Calculate the value of $t$ and $v\left(t\right)$ as shown in the table (1).

$t$	$v\left(t\right)=\frac{-9\left(t^2-9\right)}{{\left(t^2+9\right)}^2}$
0	1
0.5	0.92038
1	0.72
1.5	0.48
2	0.26627
2.5	0.10642
3	0
3.5	-0.0648
4	-0.1008
4.5	-0.1183
5	-0.1246
5.5	-0.1241
6	-0.12

Calculate the acceleration using the formula.

$a\left(t\right)=\frac{18t\left(t^2-27\right)}{{\left(t^3+9\right)}^3}$

Substitute 0 for $t$ in the above equation.

$\begin{array}{c}a\left(0\right)=\frac{18\left(0\right)\left(0^2-27\right)}{{\left(0^3+9\right)}^3}\\ =0\end{array}$

Similarly, calculate the remaining values.

Calculate the value of $t$ and $a\left(t\right)$ as shown in the table (1).

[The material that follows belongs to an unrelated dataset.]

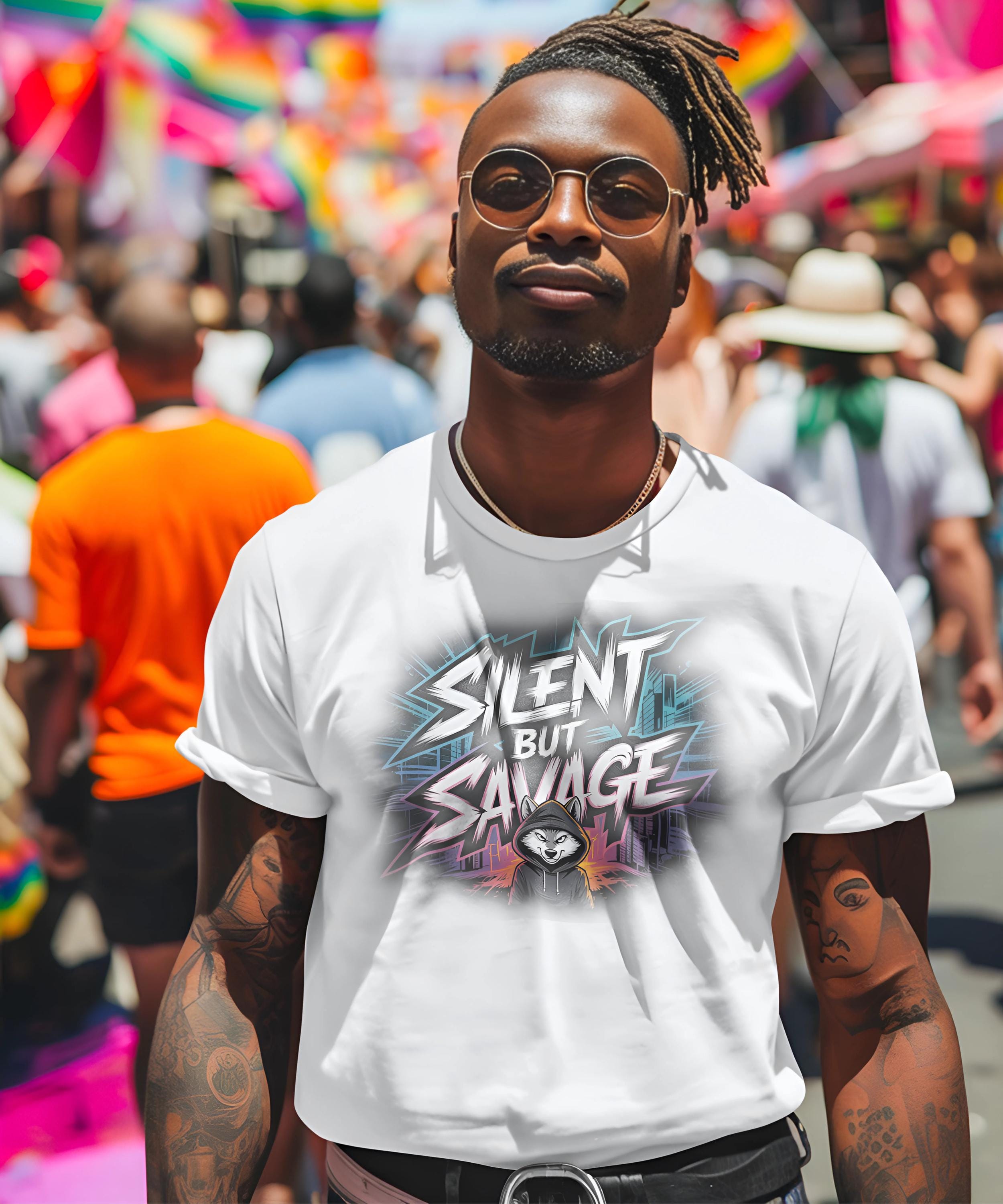 Step up your streetwear game with our Silent But Savage Shirt Streetwear Tee, a bold graphic t-shirt designed for those who prefer to move quietly but make a powerful statement. Crafted from premium soft cotton, this unisex shirt offers breathable comfort while displaying a stunning vaporwave-inspired hooded wolf against a vibrant neon cityscape. Perfect for anyone captivated by urban aesthetics and edgey designs that stand out in the crowd.

$t$	$a\left(t\right)=\frac{18t\left(t^2-27\right)}{{\left(t^3+9\right)}^3}$
0	0.00
0.5	-0.32
1	-0.47
1.5	-0.35
2	-0.17
2.5	-0.06
3	-0.02
3.5	-0.01
4	0.00
4.5	0.00
5	0.00
5.5	0.00
6	0.00

Draw the graph of the position, velocity and acceleration functions as shown in the Figure 2.

To determine

To find: The time when particle speeding up and slowing down.

Answer to Problem 2E

the acceleration is zero when time t is greater than $3\sqrt{3}\sec$ and the acceleration is negative when time t is less than $3\sqrt{3}\sec$.

Explanation of Solution

Calculate the time when particle is speeding up and slowing down.

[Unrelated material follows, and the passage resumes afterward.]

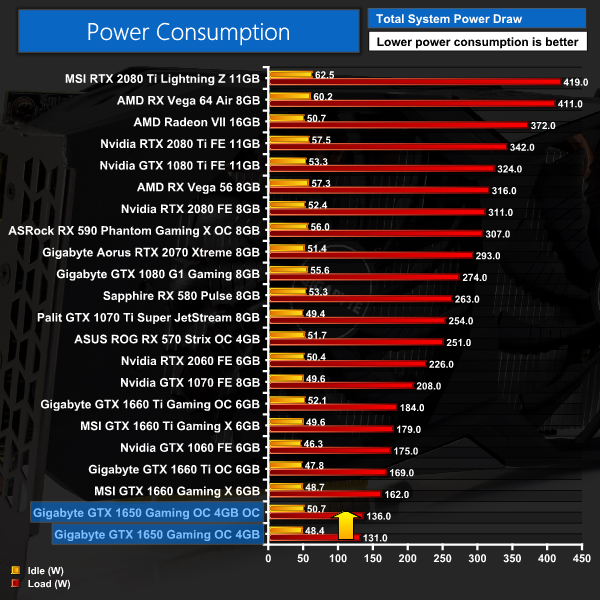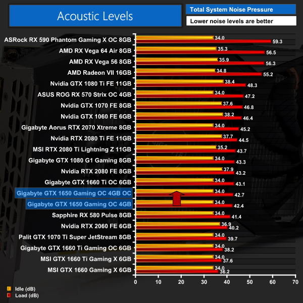 To Gigabyte's credit, the extra frequency barely affected the Gaming OC 4G. Temperatures rose by just 1C, and noise levels were essentially unchanged from the stock result. Power did also rise very slightly, but an extra 5W is really not going to bother anyone.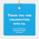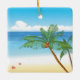 Fyrkantig förstklassig utsmyckning med en bild av en bild-perfekt-dag på en ökenisle. Baksidan är blå med valfri text. Se hela samlingen för fartygsdekoration i SPECIELLA TUUCHES | Avsnittet Party favors.

Substitute 0 for $f"\left(t\right)$ in the equation $f"\left(t\right)=\frac{18t\left(t^2-27\right)}{{\left(t^3+9\right)}^3}$.

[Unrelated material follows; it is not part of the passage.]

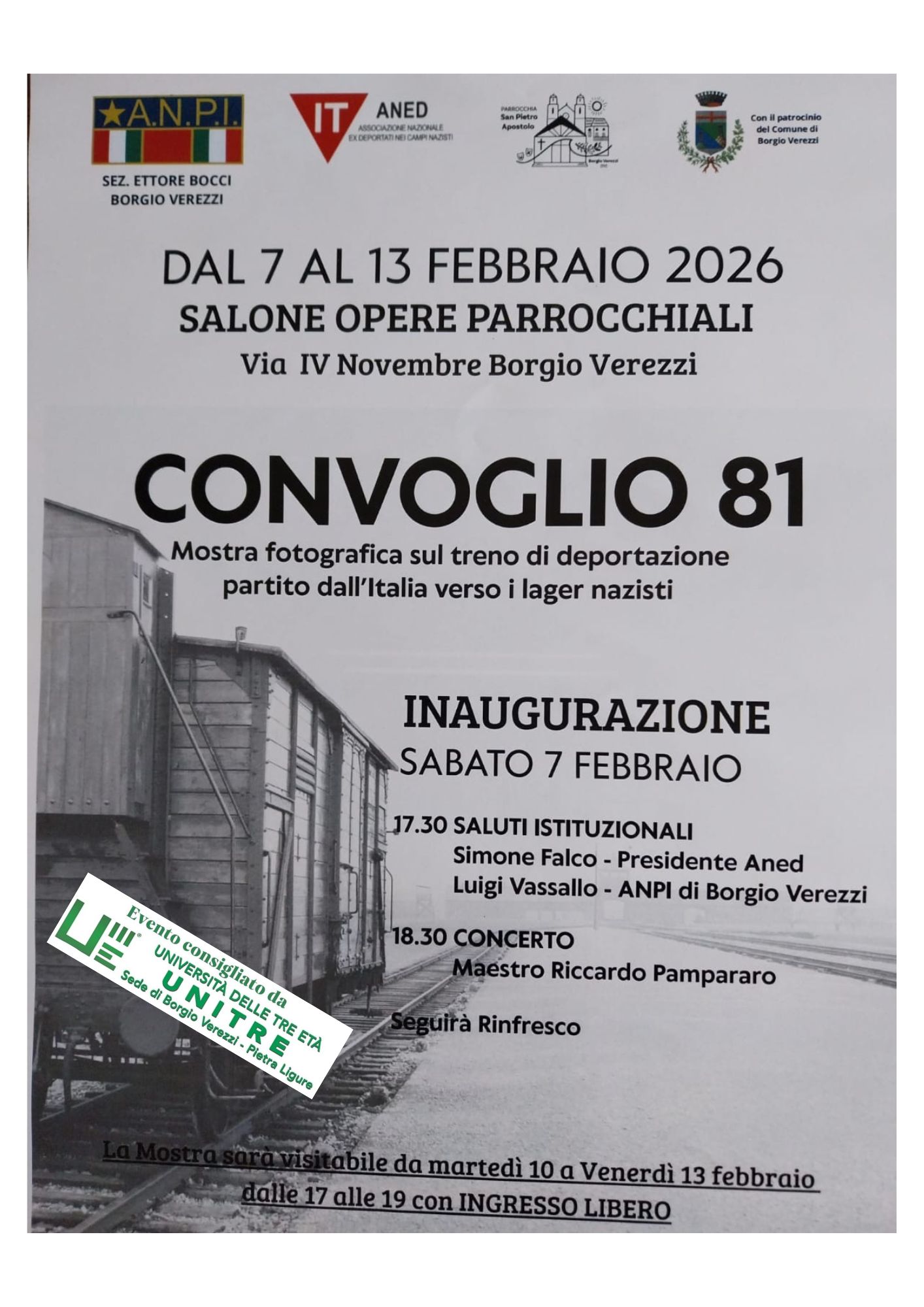 Dal 7 al 13 febbraio 2026 il salone delle Opere Parrocchiali di Borgio Verezzi ospiterà la mostra fotografica “Convoglio 81”, dedicata al treno di deportazione partito dall’Italia verso i lager nazisti.

$\begin{array}{l}0=\frac{18t\left(t^2-27\right)}{{\left(t^3+9\right)}^3}\\ t^2-27=0\\ t=\sqrt{27}\\ t=3\sqrt{3}\sec \end{array}$

Substitute $1\sec$ for $t$ in the equation $f"\left(t\right)=\frac{18t\left(t^2-27\right)}{{\left(t^3+9\right)}^3}$.

$\begin{array}{c}f"\left(1\right)=\frac{18\times \left(1\right)\left({\left(1\right)}^2-27\right)}{{\left({\left(1\right)}^3+9\right)}^3}\\ =-0.468<0\end{array}$

Substitute $4\sec$ for $t$ in the equation $f"\left(t\right)=\frac{18t\left(t^2-27\right)}{{\left(t^3+9\right)}^3}$.

$\begin{array}{c}{f}^{"}\left(4\right)=\frac{18\times \left(4\right)\left({\left(4\right)}^2-27\right)}{{\left({\left(4\right)}^3+9\right)}^3}\\ =0\end{array}$

Therefore, the acceleration is zero when time t is greater than $3\sqrt{3}\sec$ and the acceleration is negative when time t is less than $3\sqrt{3}\sec$.